Von den Vorbereitungen für die Bodenoffensive jenseits der Grenze haben die Leute hier wenig mitbekommen. Die syrischen Oppositionellen, die heimlich von der Türkei aus nach Dscharablus eingedrungen sein sollen, hat niemand gesehen. Zwei Kämpfer eben jener syrischen Opposition wissen mehr. Die 28 und 30 Jahre alten Brüder halten sich in Gaziantep auf, wollen aber in den nächsten Tagen zu ihren Kämpfern der Al-Dschabha al-Schamia in Dscharablus hinzustoßen. Daher wollen sie nicht, dass ihre Namen in der Zeitung erscheinen.

Der ältere der beiden trägt einen gestutzten Bart und ein rosa T-Shirt. Er dreht nachdenklich seine Zigarette in der Hand, als er die Ziele der Rebellen aufzählt: den IS zurückdrängen, kein zusammenhängendes kurdisches Gebiet in Syrien und kein Zerfall des Landes - was sich komplett mit den erklärten Zielen der türkischen Regierung deckt. Viele von ihnen seien aus anderen Teilen Syriens über die Türkei zum Grenzübergang Dscharablus gebracht worden. Das sei "seit Monaten" geplant gewesen.

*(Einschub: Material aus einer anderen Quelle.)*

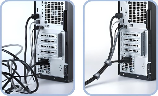 - Projekt Bez Wiązania: Twoje kable pozostają uporządkowane bez ryzyka zaplątania.
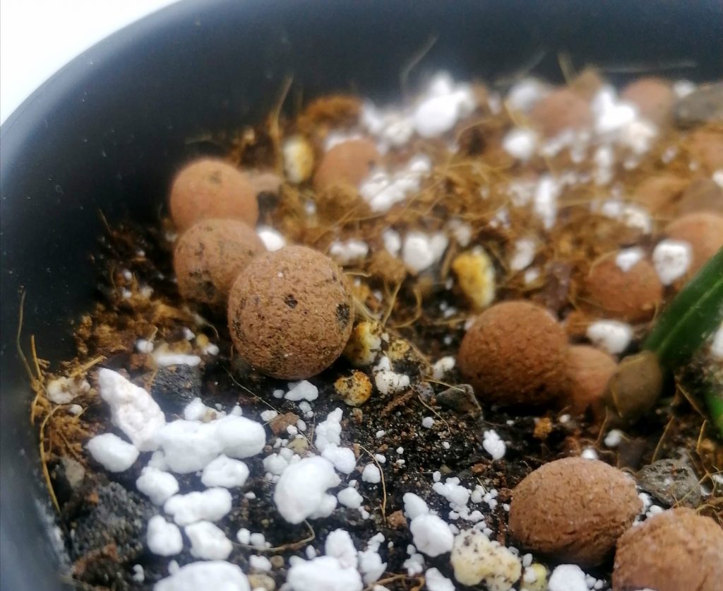 Istutin pistokaaan mullattomaan sekoitukseen, johon laitoin vajaa puolet kookoskuitua ja reilu puolet perliittiä, kaarnaa ja kevytsoraa. Näin kasvupohjasta tuli kuohkea ja sopivasti vettäpäästävä, jotta juuret eivät altistu juurimädälle. Kaarnana käytin Kekkilän orkideamultaa. Perliittiä, kaarnaa ja/tai kevytsoraa voi sekoittaa myös tavallisen viherkasvimullan joukkoon, mikäli kookos tuntuu vieraalta.
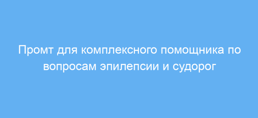 Этот промт создан для специалистов и помощников, которые хотят получить от нейросети объемную, подробную и разностороннюю поддержку по вопросам эпилепсии и судорог. Он подходит для врачей-неврологов, эпилептологов, медицинских работников, педагогов, а также для разработчиков чат-ботов и информационных сервисов, которые обслуживают пациентов или их родственников.
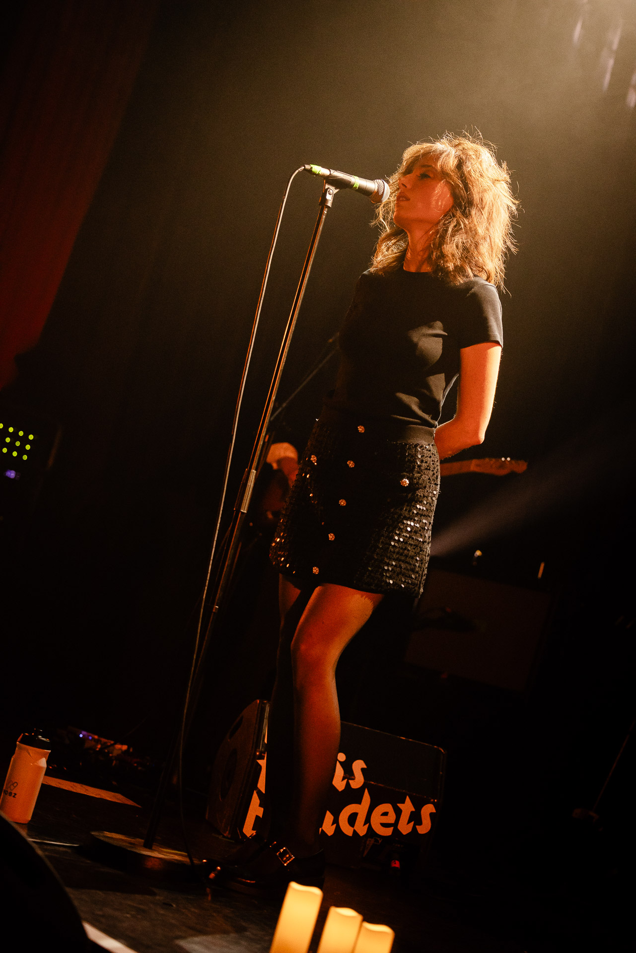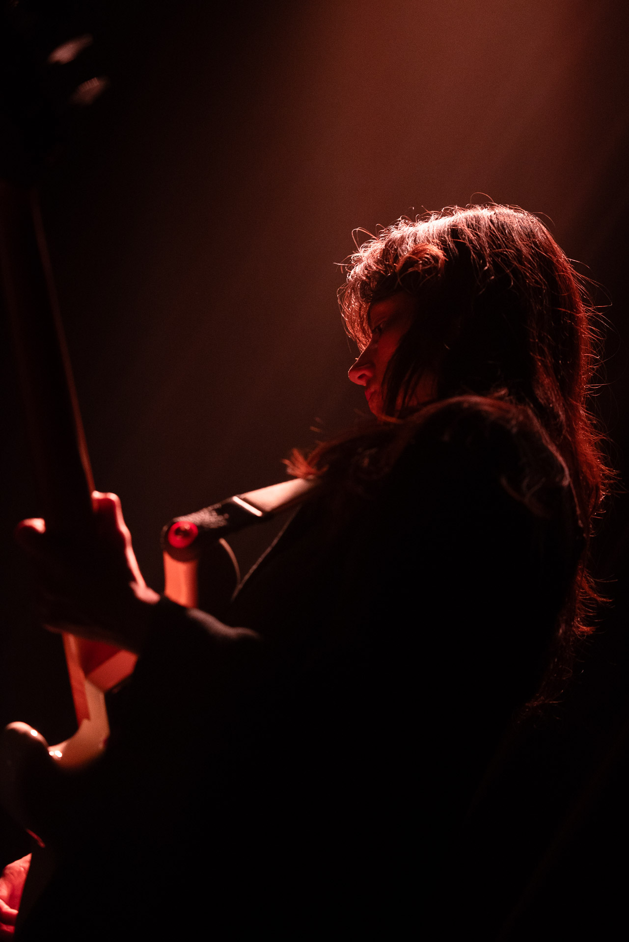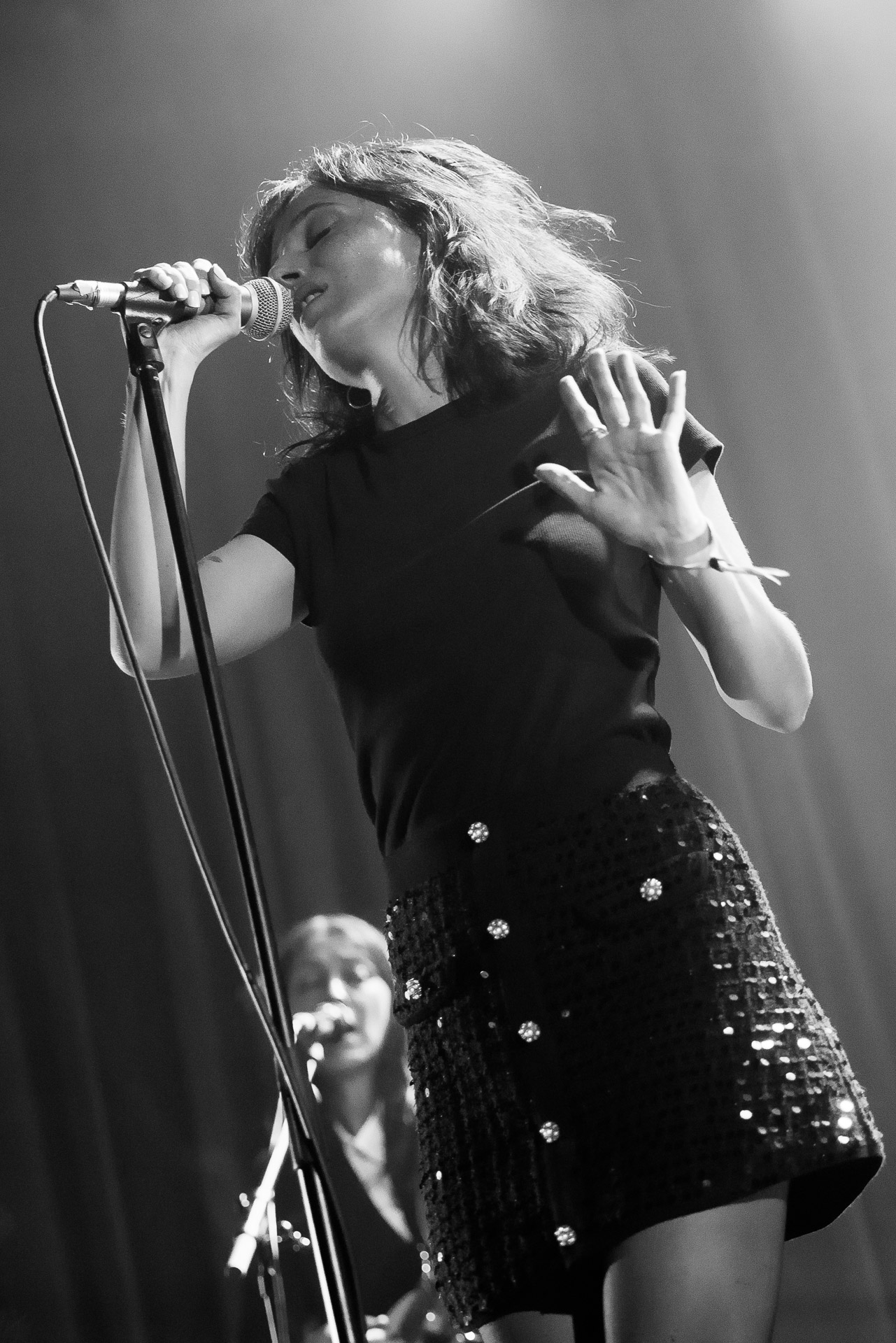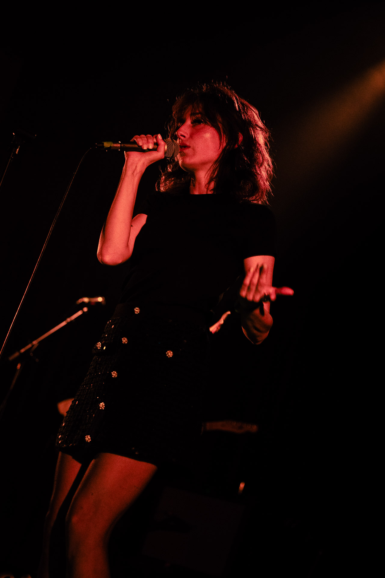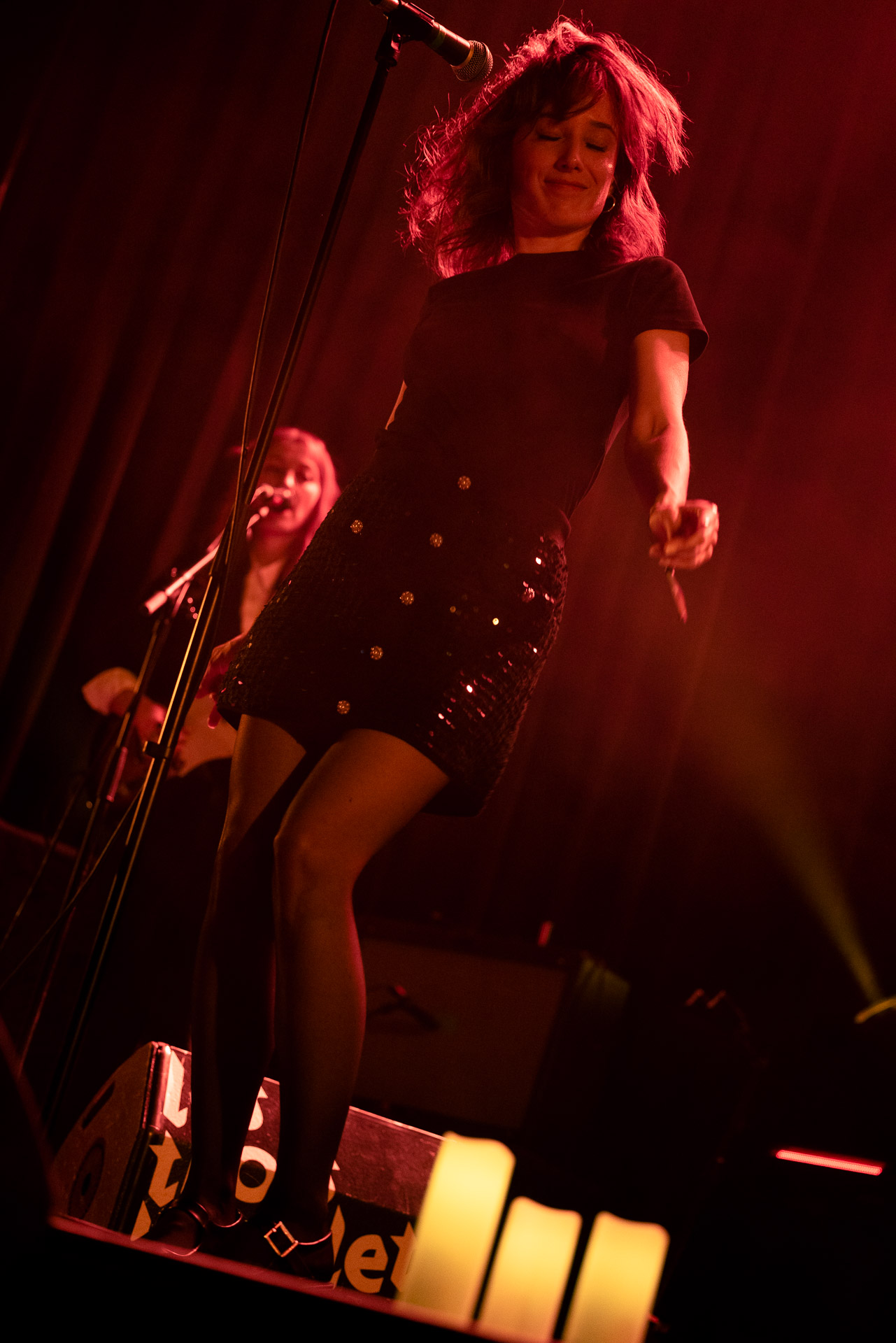 Tout comme Benni programmée juste avant, Savanah nous avait tapé dans l’œil avec un superbe EP, Céleste sorti cette année et on attendait donc avec impatience de confirmer tout le bien qu’on en pense en concert. Pour cette date au Mama, dans le cadre douillet des Trois Baudets, la chanteuse est accompagnée de deux musiciennes, Adeline Jasso à la guitariste et Camille aka Roma Luca à la basse tandis que la rythmique et les claviers sont des backing tracks, ce qui ne se remarque vraiment pas dans cette formule hybride surtout avec la présence scénique d’une Savanah sans contexte sur le devant de la scène, qui danse, sourit mais sait aussi garder ce côté langoureux, mystérieux voir "Lynchien" qu’on ressentait sur disque, les yeux souvent mi-clos, le visage encadré d’un casque de cheveux qui reflètent les éclairages focalisés sur elle. La prestation des trois musiciennes tout comme le son des trois baudets est impeccable, on retrouve sur scène les atmosphères vaporeuses, langoureuses de l’EP, à travers bien sûr la très jolie voix de Savannah qui a a vraiment quelque chose dans sa douceur, ses intonations qui la rendent irrésistibles mais aussi des arrangements guitare/basse qui se marient bien aux textures électro-pop de titres très atmosphériques comme "Villes Noires" ou "Fantôme" avec son superbe refrain qu’on pourrait écouter des dizaines de fois.
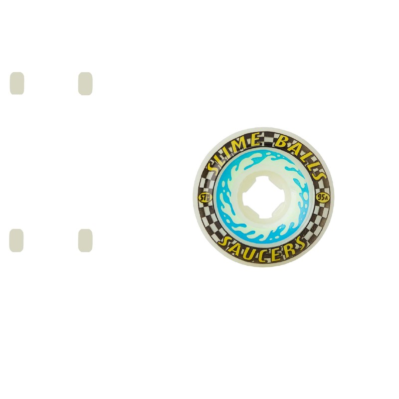 • Slimeballs all new Saucers wheels feature a rounded edge for easy transition "on and off" coping and a narrow riding surface for easy sliding on high performance 99a urethane. 57mm x 33mm 99A.
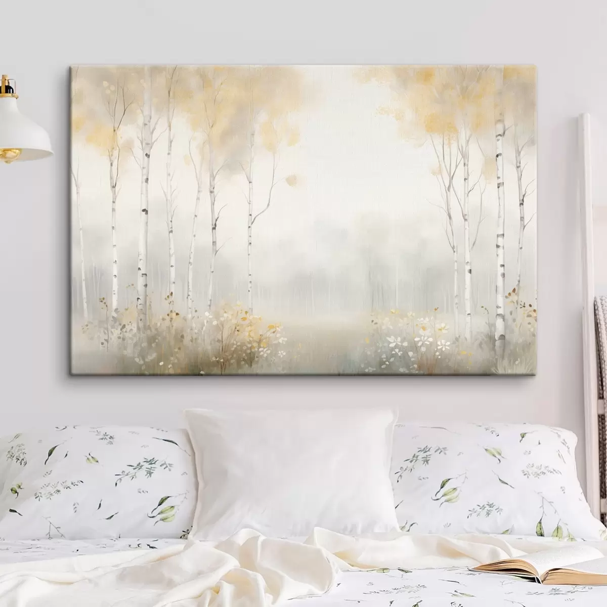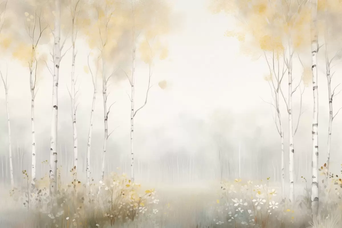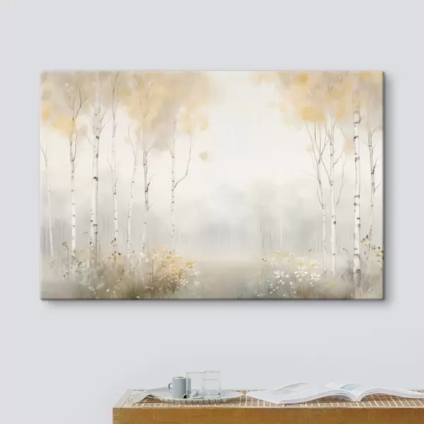 Maalid Uduhõlmas asuv hõredate puude mets, pehmed heledad toonid Nr s48623
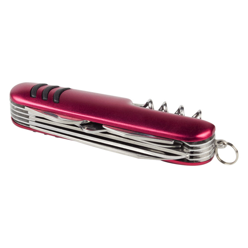12 function: knife, saw, scissors, can opener, scale remover, hook remover, bottle opener, Phillips screwdriver, steel file, file, leader, corkscrew

Der Jüngere der beiden wirkt etwas aufgeregter. Er schaut seinen Bruder mit funkelnden Augen an, wenn er über den syrischen Machthaber Baschar al-Assad spricht. Der dürfe auf gar keinen Fall mit einem Exil etwa beim Verbündeten im Iran davonkommen. "Assad muss zur Verantwortung gezogen werden", fordert der 28-Jährige. An eine politische Lösung des Syrienkonflikts glauben jedoch beide nicht. Die Frage danach lässt sie bitter auflachen. Schließlich sagt der ältere: "Nachdem so viele Menschen gestorben sind und nichts passiert ist, wird es auch jetzt keine politische Lösung mehr geben."